The film BPM (Beats Per Minute), a powerful AIDS movie that won the Grand Jury Prize at Cannes Film Festival in France this year, is finally playing in the United States, opening Friday, October 20, in New York City before expanding each week to locations across the country.
The film details the individual struggles and group dynamics of ACT UP Paris in the early 1990s. Directed by Robin Campillo, who was a member of the group, the film is described in the U.S. trailer as this:
In Paris in the early 1990s, a group of activists goes to battle for those stricken with HIV/AIDS, taking on sluggish government agencies and major pharmaceutical companies in bold, invasive actions. The organization is ACT UP, and its members, many of them gay and HIV positive, embrace their mission with a literal life-or-death urgency. Amid rallies, protests, fierce debates and ecstatic dance parties, the newcomer Nathan falls in love with Sean, the group’s radical firebrand, and their passion sparks against the shadow of mortality as the activists fight for a breakthrough.

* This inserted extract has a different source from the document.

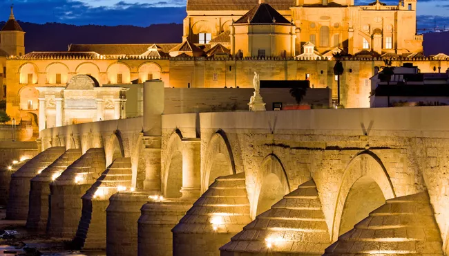 Travel by train to Córdoba and settle in for a three-night stay. Explore the historic center, stroll across the Roman Bridge, and admire views of the Mezquita as evening falls over the city.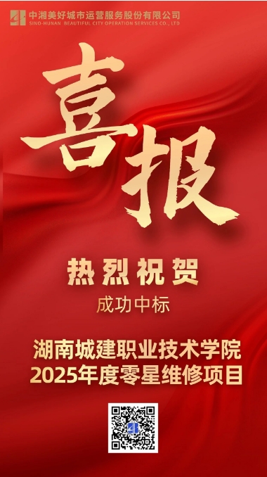 春日传捷报,奋进正当时!中湘美好修缮分公司成功中标湖南城建职业技术学院2025年度零星维修项目。此次携手湖南省示范性(骨干)高职院校,标志着公司在教育民生工程领域再树标杆!

But that summary hardly captures the praise of ACT UP New York member Peter Staley, who posted this after attending a screening:
Writing about the film in New York magazine, in an article titled “BPM (Beats Per Minute) Is the First AIDS Film Where the Group Is the Hero,” POZ contributor and AIDS activist Tim Murphy observed that “it’s no surprise that France, with its traditionally deeper socialist regard for the messy collective rather than the rugged individual, beat America to the punch in creating a film that shows how changes in dealing with HIV/AIDS actually happened: in long, difficult meetings; among many people of different priorities, dispositions, genders and sexualities; and never magically.”